Rachel asked me if she could call him and if so, would I be willing to talk to him. She told me, “I had this vision in my head of the two of you sitting down to say things that you may have both thought over the last 24 years.” I told her, “Of course.” In a perfect medical system, Rachel and I both agree, when things go wrong, patients, their families and the medical team should be able to have a conversation in order to learn what happened, to heal and make improvements. That didn’t happen for me and it’s still not happening for the millions of families affected by unplanned outcomes since Michael’s death. I sent the surgeon a book, Wall of Silence, about 10 years ago, in which my son’s story is described in detail. The doctor never responded. Earlier I wrote him a letter, to which he also never responded. In that letter I wanted him to know about Michael. I realized I would never have an answer to the question: does he ever think about what happened?
Rachel called me this week and casually began the conversation by telling me that she had spoken to the surgeon who did Michael’s surgery 24 years ago. She continued telling me about her conversation, which didn’t register. I had to ask her to go back and repeat it. I thought that call was something Rachel was thinking about but would never be able to pick up the phone to do.
Rachel said the surgeon sounded annoyed at her calling but he stayed on the phone for 25 minutes. She asked him if he would sit down and talk to me and he said “no.”
He explained to Rachel that the hospital directed him as to what to do, and he did it. He now has health issues of his own. The surgeon, now probably in his 60s, told Rachel that he has “hashed” this over in his head.
Rachel told him about my work helping others come to terms with their new lives after an unplanned outcome.

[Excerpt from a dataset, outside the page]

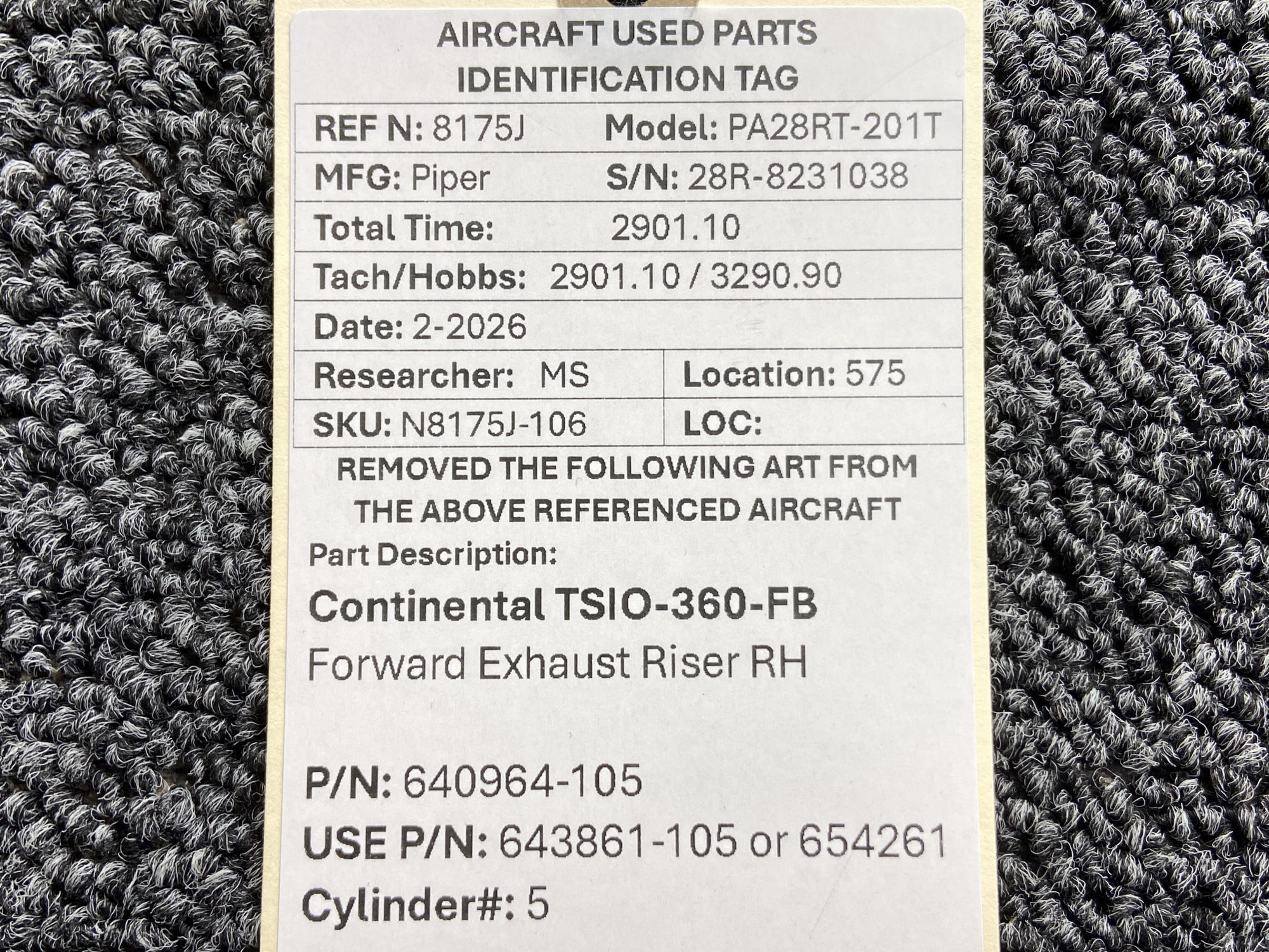 - Removed From Engine: Continental TSIO-360-FB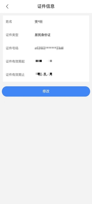 進(jìn)入賬戶中心頁面,點(diǎn)擊選擇“證件信息”可進(jìn)行證件查看,點(diǎn)擊選擇“修改”可進(jìn)行證件信息修改(注意:證件類型及證件號碼不允許修改)。

The injury or death is actually just the beginning of the patient’s or family’s new life. For years I have been helping people dealing with the guilt of what could have been done differently when they placed their loved ones in the hands of those who caused injury or worse. I have spent time with families facing the trauma and heartache of a medical malpractice lawsuit, encouraging medical mediation, and working on fixing the system through educating patients and their families. Rachel told him I said he was a good doctor.
She explained to the doctor that she wants to work in a hospital where there isn’t blame and mistakes aren’t hidden.
The doctor wished me well, and told Rachel that he is sorry for what happened.
Now I have to wonder, did I finally get an apology? And why have I been saying for years that he is a good surgeon? Was it actually to protect me?
I got my answer, finally, because one person had the nerve to reach out to make a difference.  And that makes a very special person and a very special gift.

5 comments:

Lenore@leahslegacy said...

I have spent a lot of time recently comparing the lives of families who received either, answers, or apologies with those that were shut out. I think this plays a very big part in the healing process, and how we continue with the rest of our lives. Perhaps because you saw other doctors, and didn't feel one was specifically at fault, it has given you an escape from really dealing with this man all these years.
I know, for me, not getting any admission of error, and no discussion, along with coverups and changing records has effected my sense of my own responsibility all these years

Trisha Torrey said...

This just breaks my heart, Ilene. Your questions will remain unanswered and it actually makes me angry that he won’t meet with you. The “I did what the hospital told me to do” is no excuse.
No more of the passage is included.